Alcoholics who still had their health, their families, their jobs, and even two cars in the
garage, began to recognize their alcoholism.  As this trend grew, they were joined by
young people who were scarcely more than potential alcoholics.  They were spared that
last ten or fifteen years of literal hell the rest of us had gone through.  Since Step One
requires an admission that our lives have become unmanageable, how could people such
as these take this Step?
	It was obviously necessary to raise the bottom the rest of us had hit to the point
where it would hit them.  By going back in our own drinking histories, we could show that
years before we realized it we were out of control, that our drinking even then was no
mere habit, that it was indeed the beginning of a fatal progression.  To the doubters we
could say, "Perhaps you're not an alcoholic after all.  Why don't you try some more
controlled  drinking, bearing in mind meanwhile what we have told you about
alcoholism?"  This attitude brought immediate and practical results.  It was then
discovered that when one alcoholic had planted in the mind of another the true nature of
our malady, that  person could never be the same again.  Following every spree, they
would say to themselves, "Maybe those A.A.'s were right...."  After a few such
experiences, often years before the onset of extreme difficulties, they would return to us
convinced.  They had hit bottom as truly as any of us.  John Barleycorn had become our
best advocate.
	Why all this insistence that every A.A. must hit bottom first?  The answer is that
few people will sincerely try to practice the A.A. program unless they have hit bottom. 

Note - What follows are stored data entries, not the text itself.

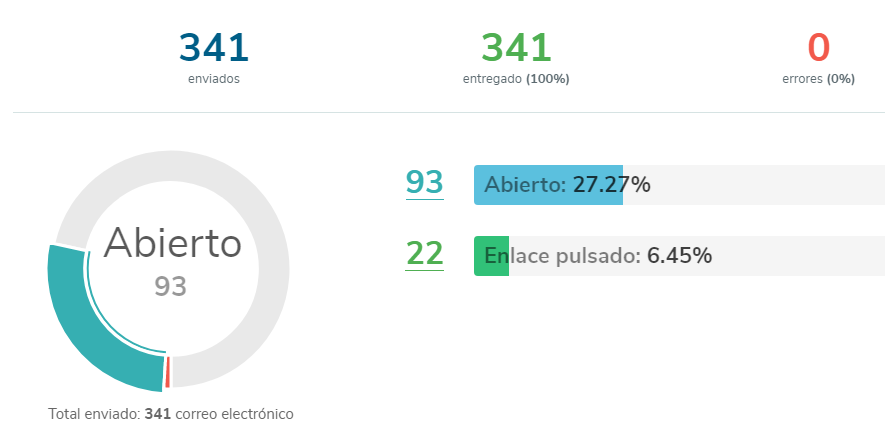 Puedes realizar un seguimiento de tu participación en el correo electrónico al monitorear la tasa de apertura, el CTR y la tasa de baja. Estos datos son cruciales para comprender qué tipo de contenido funciona mejor con tu audiencia. Si envías tus campañas de correo electrónico con SendPulse, la pestaña de estadísticas se verá así en tu cuenta: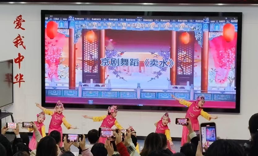 华耀小学的孩子们表演了京剧经典唱段《红灯记》《定军山》《卖水》等,小演员们精湛的“唱念做打”技艺赢得阵阵掌声。随后,员工们观摩了该校特色大课间活动——融合广播操、武术操与戏曲元素的“戏曲操”,充分展现了公司在学科融合与传统文化传承中的创新实践。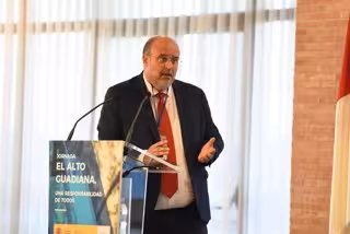 "Tenemos que buscar soluciones para que no pasen años y años". Petición que, en nombre del Ejecutivo autonómico, ha trasladado el vicepresidente regional, José Luis Martínez Guijarro, al secretario de Estado de Medio Ambiente, Hugo Morán, durante la inauguración de la Jornada 'Alto Guadiana, una responsabilidad de todos', que organiza la Confederación Hidrográfica del Guadiana en Alcázar de San Juan (Ciudad Real).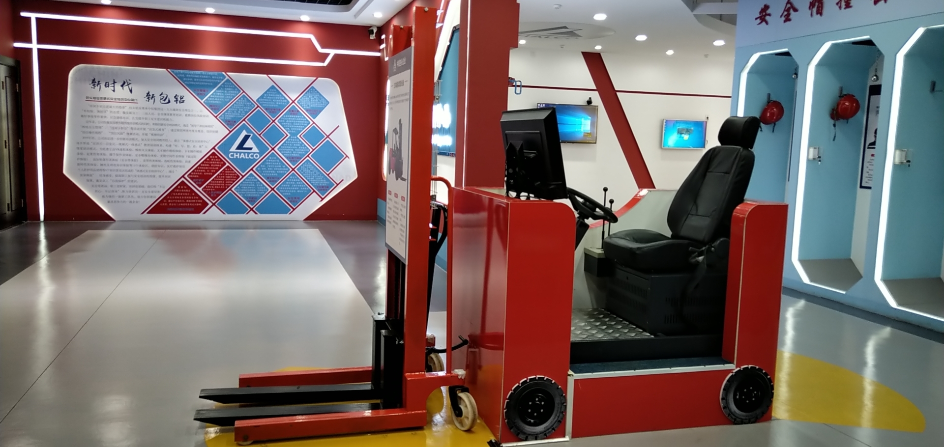 2019年初,公司决定进一步创新培训模式,加大安全培训教育投入,建立“体感式安全培训中心”,逐步形成“宣讲式——启发式——视频式——体感式”教育培训体系,构建“听、写、想、看、体”五维度培训模式。为此建立由VR虚拟体验、模拟灭火体验、叉车操作模拟体验、货车操作模拟体验、起重伤害体验、脚手架作业体验、安全帽撞击体验、受限空间作业体验(临边防护体验)、高处坠落伤害体验(安全带体验)、皮带伤害体验、齿轮伤害体验、高速旋转伤害体验、触电及用电知识体验等13个体验区,消防知识、急救知识和劳动防护用品使用等3个知识普及区组成的“体感式安全培训中心”。通过“亲身体验”、切身感受,提高职工参与安全培训的热情,提升培训效果,激发员工“自我保护”的意识。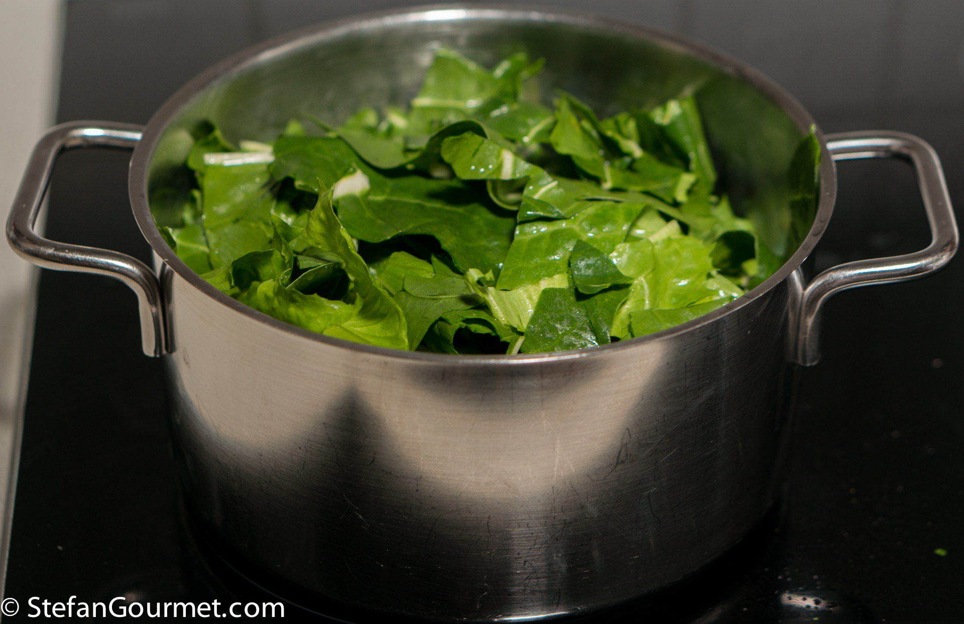 Put 200 grams of greens in a saucepan with the water that clings to them. Cover and bring to a boil.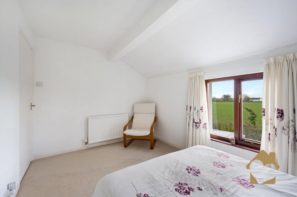 Bedroom two continues the theme of ample space, boasting a window that frames rolling fields, along with practical features like storage, electric sockets, and a radiator. Bedroom Three, though slightly smaller, offers a charming window with captivating countryside views, fitted storage cupboards, a radiator, and electric sockets.
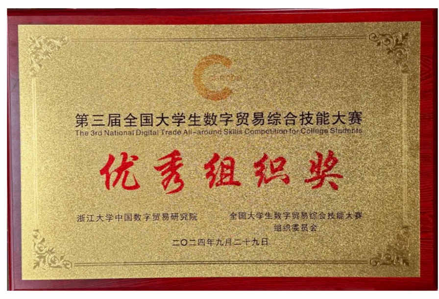 2024年9月28日至29日,第三届全国老员工数字贸易综合技能大赛全国总决赛暨颁奖典礼于浙江杭州举行。英国威廉希尔公司参赛队伍获全国总决赛一等奖1项、二等奖1项、优秀指导老师奖1项,williamhill官网获优秀组织奖。此外,公司其他队伍在此前区域赛(华南赛区)中获二等奖2项、三等奖1项。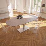 Ontdek de Artica eettafel, een ingenieus stuk dat opvalt door zijn functionaliteit en opmerkelijke esthetiek. Uitgerust met twee automatische verlengstukken die worden geactiveerd door een simpele aanraking van de stang onder het blad, kan de tafel gemakkelijk worden uitgeschoven tot 200 cm om comfortabel plaats te bieden aan je gasten. Het blad van klei keramiek in combinatie met het onderstel van geborsteld geoxideerd staal geeft de Artica tafel een harmonieuze mix van moderniteit en classicisme. Het blad, verlijmd op 8 mm glas, combineert robuustheid en elegantie. De Artica tafel is de perfecte samensmelting van praktisch nut en stijl om je ruimte te verfraaien.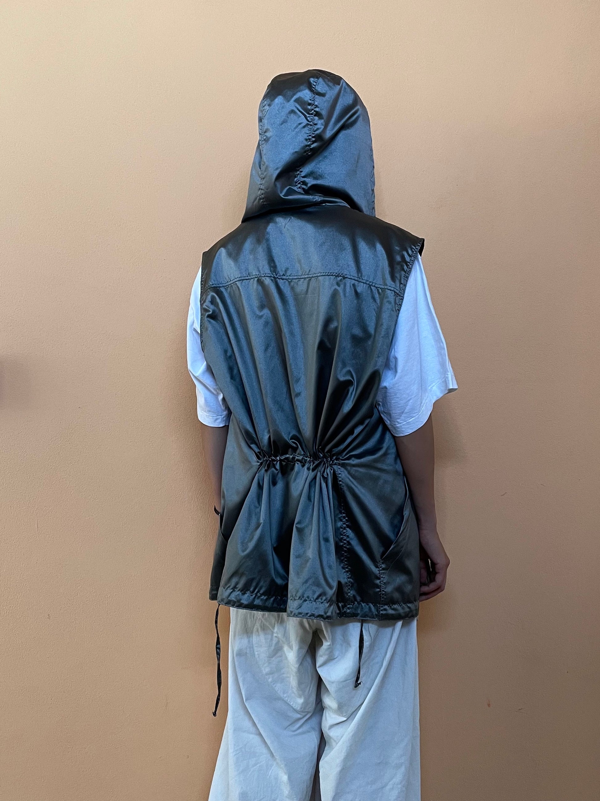 Silver metallic vest with hoodie

For practicing A.A.'s remaining eleven Steps means the  adoption of attitudes and actions
that almost no alcoholic who is still drinking can dream of taking.  Who wishes to be
rigorously honest and tolerant?  Who wants to confess their faults to another and make
restitution for harm done?  Who cares anything about  a Higher Power, let alone
meditation and prayer?  Who wants to sacrifice time and energy in trying to carry A.A.'s
message to the next sufferer?  No, the average alcoholic, self-centered in the extreme,
doesn't care for this prospect -- unless we have to do these things in order to stay alive
ourselves.
	Under the lash of alcoholism, we are driven to A.A., and there we discover the
fatal nature of our situation.  Then, and only then, do we become as open-minded to
conviction and as willing to listen as the dying can be.  We stand ready to do anything
which will lift the merciless obsession from us.